Because we knew that income was going to be an issue, we decided to short sale our home and move in with my mom. I am beyond grateful to my mom because without her, I would be homeless. The process of packing up a house, giving things away and condensing what we had was very upsetting. I had put my total faith and trust in someone and because he wasn't God, he failed me. The next year was wrought with survival and just trying to deal with the the ricochet effects of our world falling apart. My family was awesome and without them I would have never been able to survive all of the turmoil. It was a year that I don't ever care to relive. Someday I will hopefully look back and see how God worked during this time. I know there will be a testimony to share and until then it is raw and real and I think He can use that too.
October 5, 2010 - The house finally sold and the process to get it over with drug on and on and on. On this day we signed the escrow papers and I lost my home. Mom and I worked all the way up the the 11th hour getting things out of the house. Since we were downsizing, I gave away so much of life. I do know that stuff that meant so much to me was in my friends homes giving them joy. I really am still reeling from this one because I felt like I lost so much of myself and at times I still do.

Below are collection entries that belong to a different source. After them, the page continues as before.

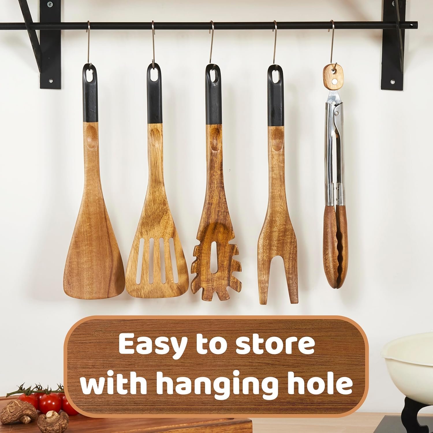 Enjoy the convenience of a 5-piece set featuring 4 premium wooden spoons for cooking and 1 versatile stainless steel kitchen tongs for cooking with wooden tips—perfect for all your cooking, stirring, BBQ and serving needs.
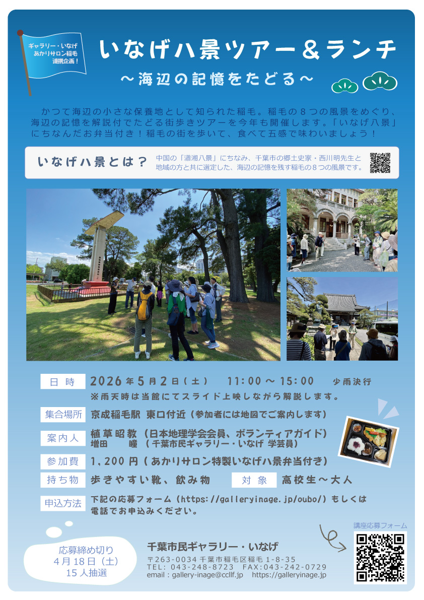 千葉都市文化賞2017で景観まちづくり部門優秀賞を受賞した「いなげ八景」を巡るツアーです。ボランティアガイドの植草昭教さん(日本地理学会会員)とギャラリー学芸員と一緒に、かつての海辺の記憶を物語る稲毛の風景を巡ります。あかりサロン特製「いなげ八景弁当」付きです!
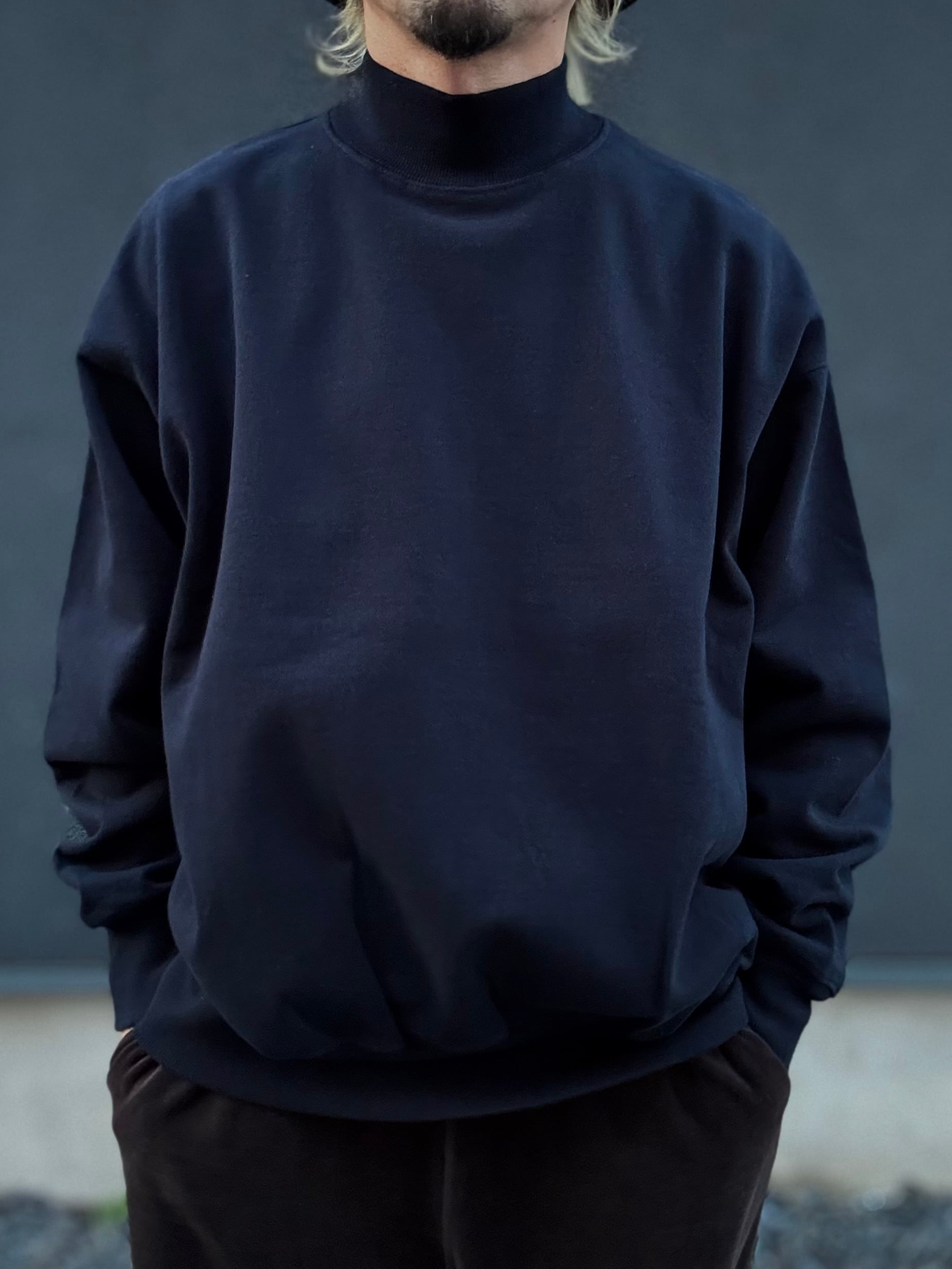 春先から秋冬まで長いシーズンで活用出来る、程良い厚みのモックネックスウェット。空紡糸ならではのドライタッチな表面に対して、甘撚りのループ面が柔らかな肌触りに。身幅からアームまでゆったりとしたFreshServiceらしいルーズフィット。
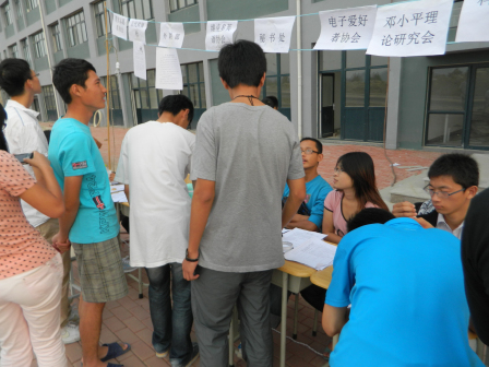 我们在下午2左右到达新校马上就开始了纳新场地的布置,3点左右纳新正式开始。各个部门和协会的负责人,热情的向大一的学弟学妹们介绍各部门或协会的情况和主要职能,以便学弟学妹们可以根据自己的兴趣和想要锻炼的方向等,选择适合自己的部门协会。新生们在学长们的帮助下,纷纷在对自己有帮助的协会留下了自己的联系方式。纳新活动一直持续到7点30才结束。然后,各部门和协会大约统计了今年的纳新人数,比往年更多。
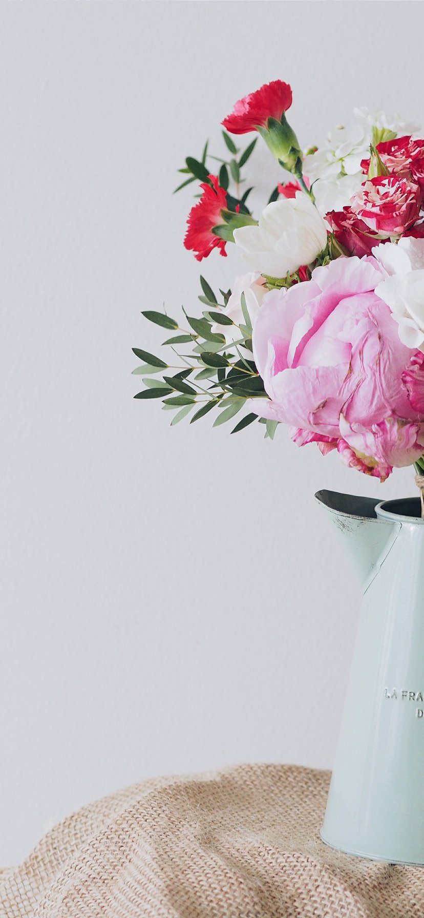 Обои: букет, эстетика, ваза, пионы, розы - 828x1792

Trust me when I say that I do not put my value in what I owned and I am so very fortunate, I do know this. It is just difficult to lose your home. I didn't lose a house, I lost my home and it was sad. But I am home again with my mom and sister so that is where God wants me and I am good with that.
Life is full of transition and unfortunately the weight of the past 3 years brought an end to my marriage. October 5, 2012 the judge stamped the paperwork and my marriage of 20 years and 50 weeks was over. It just became a cruel joke that October 5th was becoming a key day. So many sad things happened on this day and I almost dread yet another one. I know that God has seen me through these days but my heart still hurts and wish that things could have been different.
But there is no going backward. It may take awhile for me to understand the reason all these things happened and this side of Heaven, I may never know. I do know that eventually my October 5th's will be Heaven and I will be rejoicing. Until then, I am going to continue to trust in God, not dwell on the bad and seek God's purpose for these events and what He would want me to learn from them. My heart is broken over all the loss but I am looking forward to better days ahead.
So if you are reading this and your life is wrought with the similar challenges, just know that God will see you through just as He has me. Sometimes we have to hurt to get through things but with God's love and support we each can get through anything. Things for me are still new and I do get sad but I am excited to see what my new life holds. God loves me and I need to learn to love me too, through this process I know only good things are ahead.